LaRissa pointed out that Abby was demonstrating what has so long been a part of human nature: we want the very thing that we cannot have.  God told Adam and Eve that they could eat of the fruit of any tree in the Garden of Eden except the Tree of the Knowledge of Good and Evil.  So, what do they do? They eat of the one tree they were told they could not eat.  The one tree that was off limits is the one tree to which they are drawn.

Ever since, our sinful human nature tends to draw us to the very things that we cannot have.  We do not like to be told "No," and when we are told "No," it tends to increase our desire for the thing we cannot have.  Paul points this out in Romans 7.  We desire to do good, but we wind up doing the very evil thing that we do not want to do.  In addition, the commands of God often give rise in us a desire to do the very thing that God has prohibited.  Paul uses the example of covetousness.  God's command not to covet gives birth in Paul covetousness of every kind.

The real issue is our sinful nature, our human will.  Our decisions, our choices, our actions are constantly impacted by the sinful nature that is within each of us.  Our wills are dictated by our nature which is in bondage to sin.

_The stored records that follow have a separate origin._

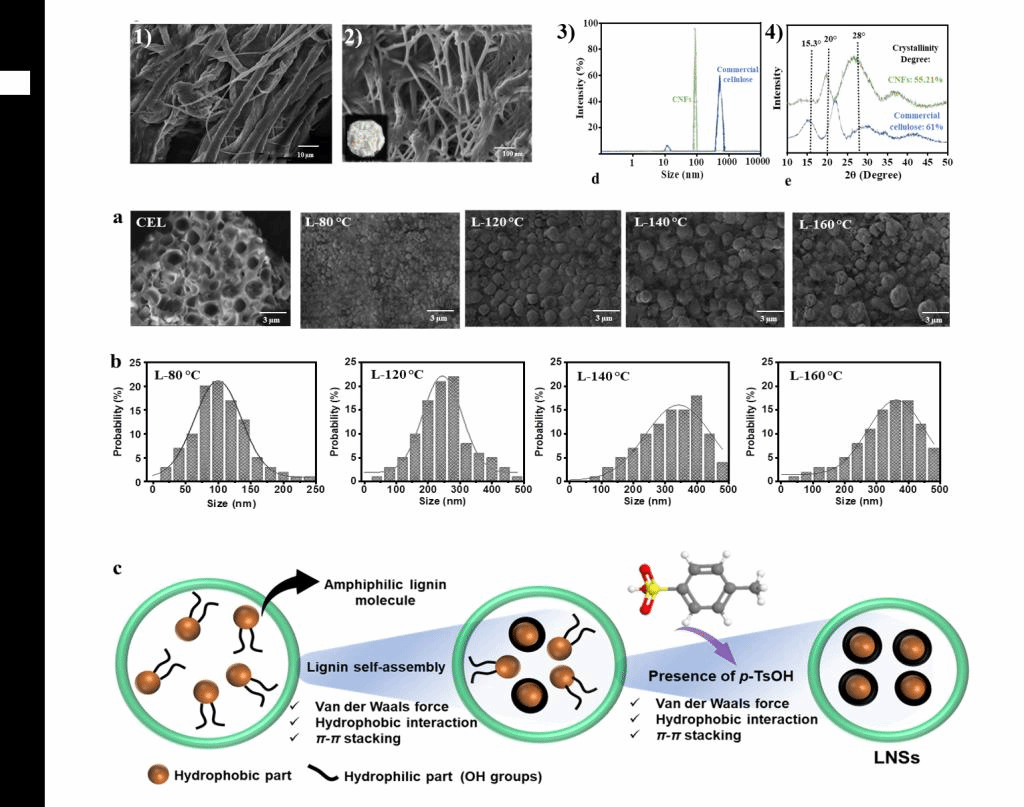 图2纳米纤维素和木质素纳米球表征及其形成机理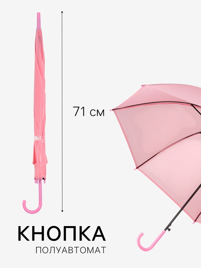 Зонт - трость полуавтоматический «Однотон», 8 спиц, R=46/55 см, d=92 см, розовый — Характеристики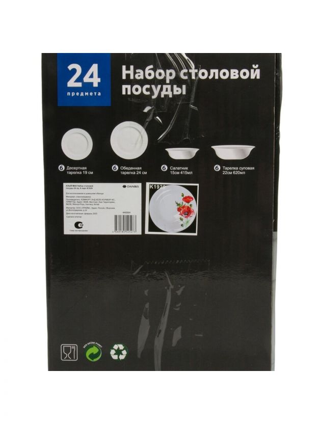 В комплекте 24 предмета на 6 персон: тарелки, суповые миски и другие необходимые элементы для полноценной сервировки.

So, do we really have free wills?  Well, it depends.  We absolutely have freedom of the will.  Freedom of the will simply means that we are free to do what we will.  Whatever our wills dictate, we are free to follow those impulses.  Now, even within this understanding of the human will, there are limits on our freedom.  Sometimes my freedom is limited by my own abilities.  I may have the will to leap off a five story building and fly like a bird, but gravity, aerodynamics, and my own body structure will have something vastly different to say.  Sometimes my freedom is limited by others.  I may have the will to stay up till 2 am, but my wife may veto that.  Sometimes my freedom is limited by society.  I may want to drive 120 mph, but the law, police officers, and other traffic will be a serious limiting factor on my will.  I may have the will to play with the smallest Russian doll, but my big sister may have something different to say.

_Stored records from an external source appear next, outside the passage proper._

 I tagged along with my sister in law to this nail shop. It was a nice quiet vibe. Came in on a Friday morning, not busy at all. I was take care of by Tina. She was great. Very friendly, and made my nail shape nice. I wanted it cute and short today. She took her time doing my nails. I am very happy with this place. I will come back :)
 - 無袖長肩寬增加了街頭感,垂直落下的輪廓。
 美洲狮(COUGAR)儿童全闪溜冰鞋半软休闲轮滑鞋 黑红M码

In general, however, we are free to do what we will, we have freedom of the will.  Our problem, however, is not really freedom of the will.  It is freedom from the will, which we do not have.  Freedom from the will is the freedom to do other than what our will dictates.  Now, you may say, "I am fully capable of doing other than what I want to do." But that is not the same as doing other than what you will to do.  Your actions and decisions are always a function of your will.  You always do what you will to do.  Sometimes you will to do what you don't want to do, but you will it nonetheless.

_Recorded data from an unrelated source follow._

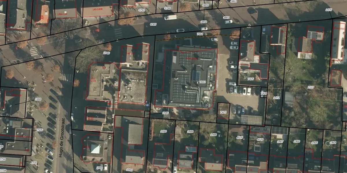Het perceel waarop Grotestraat 149-D staat heeft een oppervlakte van 2668 m². Dit is een zeer groot perceel. De perceeloppervlakte wordt geregistreerd door het Kadaster. Gedetailleerde informatie over de maten van dit perceel kunt u vinden in het rapport Kadastrale kaart met maatvoering van Grotestraat 149-D.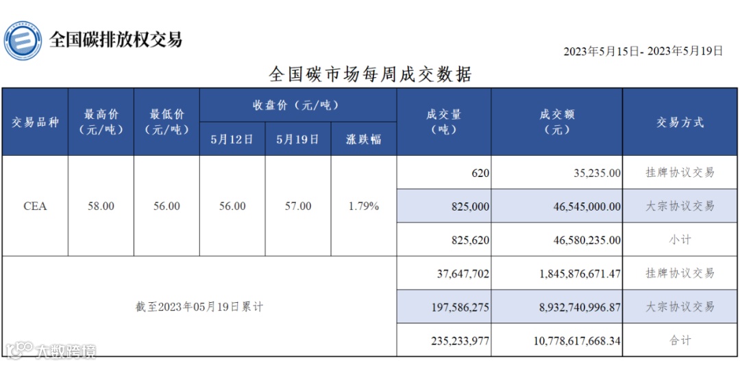 截至本周,全国碳市场碳排放配额(CEA)累计成交量235,233,977吨,累计成交额10,778,617,668.34元。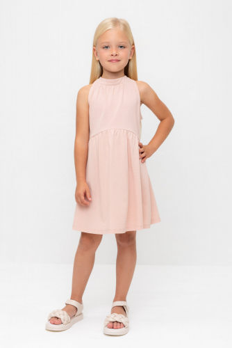 Платье для девочки из высококачественного трикотажа пике с воротничком-стойкой. Для удобства одевания платье застёгивается на пуговицу на спинке. Платье сохраняет форму и стойкий цвет после многочисленных стирок и идеально подходит на каждый день.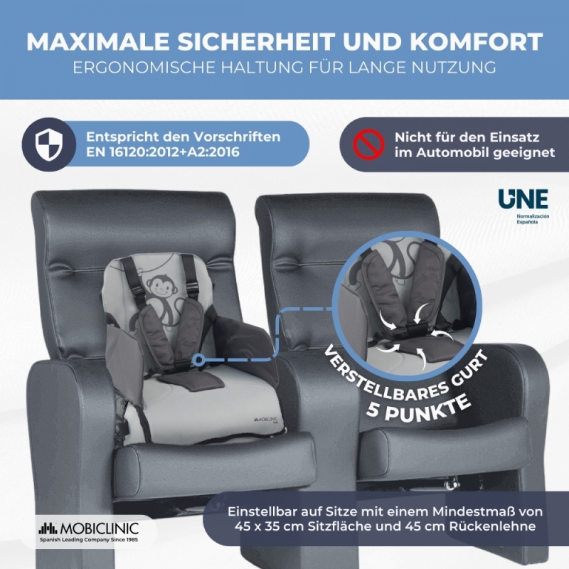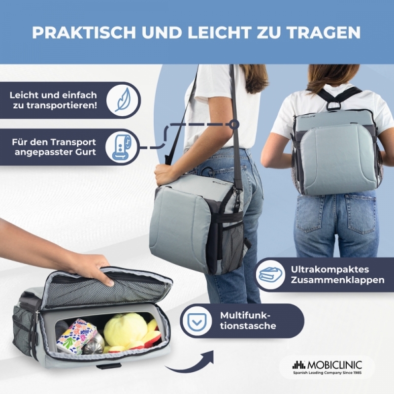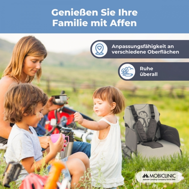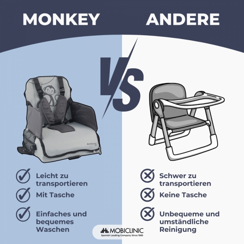 Reisehochstuhl mit Stauraum | Für Babys | Zusammenklappbar | Mit Tasche und Griff | Bis zu 15 kg | Grau | Monkey | Mobiclinic

Another way of putting it is what Jonathan Edwards said.  I am free to do what I will, but I am not free to will what I will.  My will is a function of my nature, and my will always dictates what I do.  And therein lies our great problem.  I am not free from my will.  I am in bondage to my will.  My will drives me to choices that are destructive, harmful, sinful, and enslaving.  Although I am free to do what I will, I cannot change the nature that drives my will.

The only way for me to truly be free is for someone outside of myself to set me free.  And that is what Christ has done.  Now, even then, my will is not free, because I give myself as a slave to Jesus Christ.  But once Christ is in control, I am only then truly free to live the life that God has called me to.  Only once I have made Jesus the ruler of my life am I really free.